С этого момента и до самой смерти – все последующие годы – папа так и не научился отвечать на этот вопрос. Мама задавала его все чаще и настойчивей. Не в том дело, что он не мог сформулировать ответ или упрямо не хотел отвечать. То, что он мог бы сказать – но что сказать боялся, потому что знал, что этот ответ не лучше других, – это что, в действительности, он просто забыл, почему.

А было это так. Папа вернулся с работы и пошел на кухню мыть руки. На кухне было немирно: мать с красными пятнами на лице кричала на Машу. Маша сидела на стуле, подложив ладони под бедра, и молчала, упрямо нагнув голову. На столе были расставлены тарелки и царствовала кастрюля с супом.

Папа начал уже почти привыкать к ссорам: две недели в доме была война. Маша маме рассказывала про школу-интернат, мама в школу не верила, уговаривала, кричала и плакала. Папа хотел есть и чтобы все было, как было, – смотреть на плачущую маму ему было страшно. Папа говорил Маше: перестань выкобениваться, – и надеялся, что она перестанет.

Папа прошел к раковине – мама и Маша, показалось ему, его не заметили. Тогда он стал мыть руки, и, пока он крутил в ладонях кусок мыла, случился взрыв: по доскам пола прогремел стул, с которого ракетой вспрыгнула Маша. Маме, переставшей плакать, и папе, рывком обернувшемуся на нее, она крикнула: я не хочу провести свою жизнь так, как провели ее вы! И, сжав кулаки, убежала из кухни.

Что-то сместилось в мире, и папа, проводивший глазами сбежавшую дочь, продолжая намыливать руки, перестал слышать. Он слышал только шум льющейся воды. Остекленело уставившись в пену на своих пальцах, папа вспомнил, о чем мечтал в детстве.

А мечтал он вот о чем. Из дома – от пьяного, неуклюжего отца и от измученной взбешенной матери – он с соседским мальчишкой бегал в лес. Паша и Витя стаскивали сухие ветки и листья в траншею, оставшуюся от войны. Там у них был шалаш, а в шалаше – склад: они собирали гильзы, обломки касок, а однажды нашли даже обросшую мхом гранату. Когда Паша приходил в шалаш один, он перебирал ржавый металл и представлял себе идеальную жизнь. Выглядело это так: он жил в жарком американском лесу, в пещере за водопадом. От мира его отделяла искрящаяся на солнце тонкая пленка воды. Снаружи это была низвергающаяся с головокружительной высоты струя, вспенивающая голубое озеро внизу. Изнутри это был уютный и удобный дом, стены которого были увешаны трофейным оружием, а полы уложены шкурами тигров и медведей.

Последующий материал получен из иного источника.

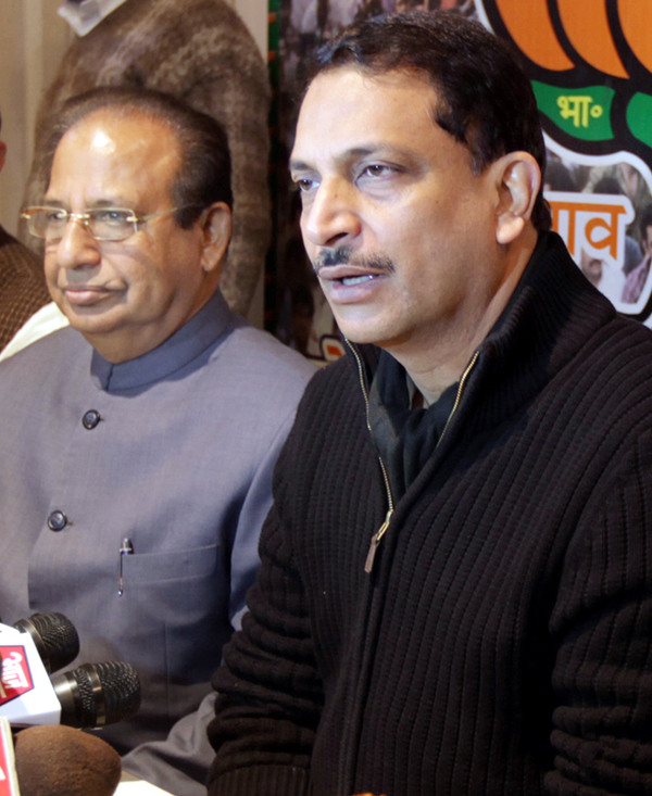 BJP leader Rajeev Partap Rudy along with Jagdish Mukhi and newly elected BJP president Jugal Kishore Sharma talking to reporters at Jammu on Saturday.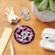 Caveira fofa e ossos cruzados com laço de bolinhas rodeado por corações e flores cor-de-rosa.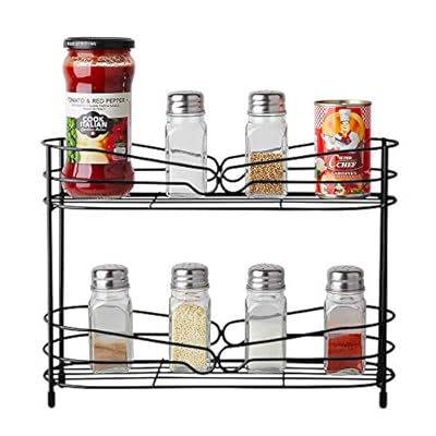 Spice Racks Organizer for Countertop, 2 Tier Kitchen Counter Seasoning Storage Shelf with Shelf Liner, Bathroom Standing Rack for Cabinet, Black

Сейчас Паша снова, как и две трети жизни назад, увидел себя в своем идеальном доме: сквозь тонкую пленку холодной воды в него смотрели джунгли и жарко горело американское солнце. И как будто сквозь эту пленку впервые прорвался к нему вопрос: а как прожил жизнь он? Вода бухала в папиных ушах, мозг превратился в колотящееся сердце.

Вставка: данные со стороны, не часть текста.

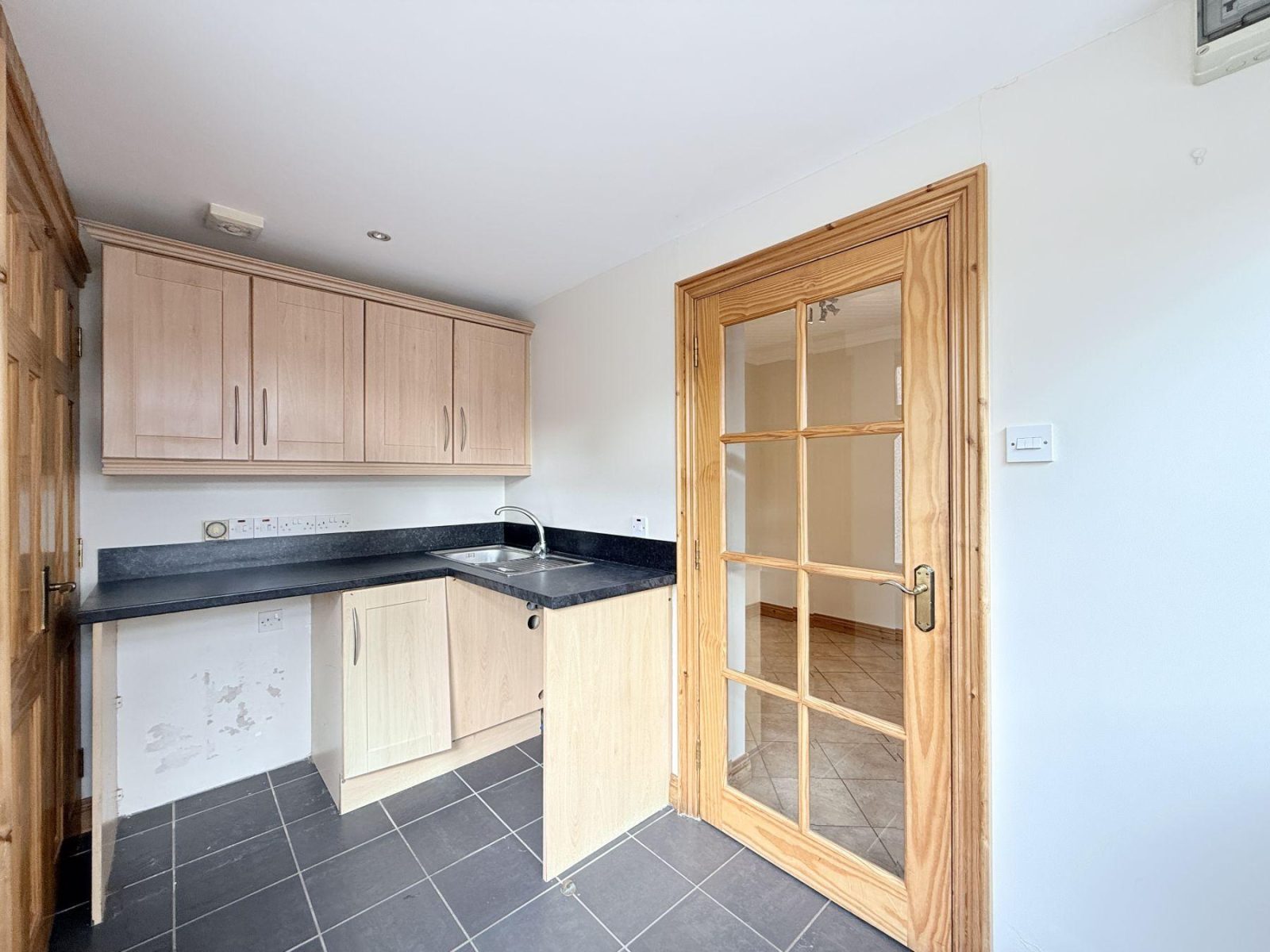 Utility: Convenient utility room with tile flooring, L shaped utility with low and high rise units with services for tumble dryer and washing machine. Measurements: 3m x 1.72m.

Витя, с которым папа обустраивал шалаш, однажды отправился туда без него и хотел очистить найденную гранату от мха. Взрывом Вите оторвало руки и снесло полголовы. Сейчас папе причудилось, будто вместо Вити был он – мыло превратилось в его руках в гранату, и жар высвободившегося джинна ударял в виски. Папа вдруг понял, что он жив – что он живой комок воли и что сила взорвавшейся гранаты в его руках. Знание живой жизни – жизни как движения воли – тут же покинуло папу, но тихая реверберация этого знания заставила его, когда он доел суп, сказать маме: позови ее, – а когда та пришла с Машей, прогнать маму с кухни.

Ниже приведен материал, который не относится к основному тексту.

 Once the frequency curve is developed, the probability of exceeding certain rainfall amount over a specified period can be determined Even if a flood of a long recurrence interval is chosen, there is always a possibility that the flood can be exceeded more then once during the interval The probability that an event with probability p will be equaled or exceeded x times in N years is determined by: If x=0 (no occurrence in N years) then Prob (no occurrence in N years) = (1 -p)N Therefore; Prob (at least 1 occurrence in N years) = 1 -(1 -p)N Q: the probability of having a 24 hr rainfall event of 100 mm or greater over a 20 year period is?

Что он хотел сказать дочери, папа не знал. Что он должен был бы сказать – забыл, как только выключил воду. Так что, усадив Машу за стол, он спросил ее просто, так, будто хотел узнать: как она хочет жить? Маша не могла ответить на папин вопрос и вместо этого стала говорить, как она жить не хочет. И на вопрос как? – стала описывать жизнь своей матери.

Два человека не могут услышать друг друга, обмениваясь репликами, – папа не понимал Машиной скуки, собственная тоска хватала его клешней за горло. Слова дочери он воспринял как обвинение своей собственной жизни и стал оправдываться. Уже давно закончился выпуск новостей, который он никогда не пропускал, – папа, будто сорвав с раны повязку, пересказывал Маше, как жил он. Разворачивая перед дочерью окровавленный, засохший в корочку бинт – свою жизнь, – папа с недоумением обнаружил, что все, что он может сказать в свое оправдание, – это что у него не было выбора. Разве он мог не пойти в школу? Разве после школы он мог не пойти на курсы – водителей, но хоть бы и механиков, слесарей – все равно? Разве он мог не жениться на матери, которую он любил и которая однажды, краснея и задыхаясь, сказала ему: Паша, я, кажется… И что он мог сделать – кроме как устроиться в автопарк и крутить баранку с девяти до шести каждый божий день, радоваться премии, утаивать часть зарплаты от жены, сбегать по пятницам на пьянки с друзьями, помогать матери вести огород и мечтать о новом телевизоре.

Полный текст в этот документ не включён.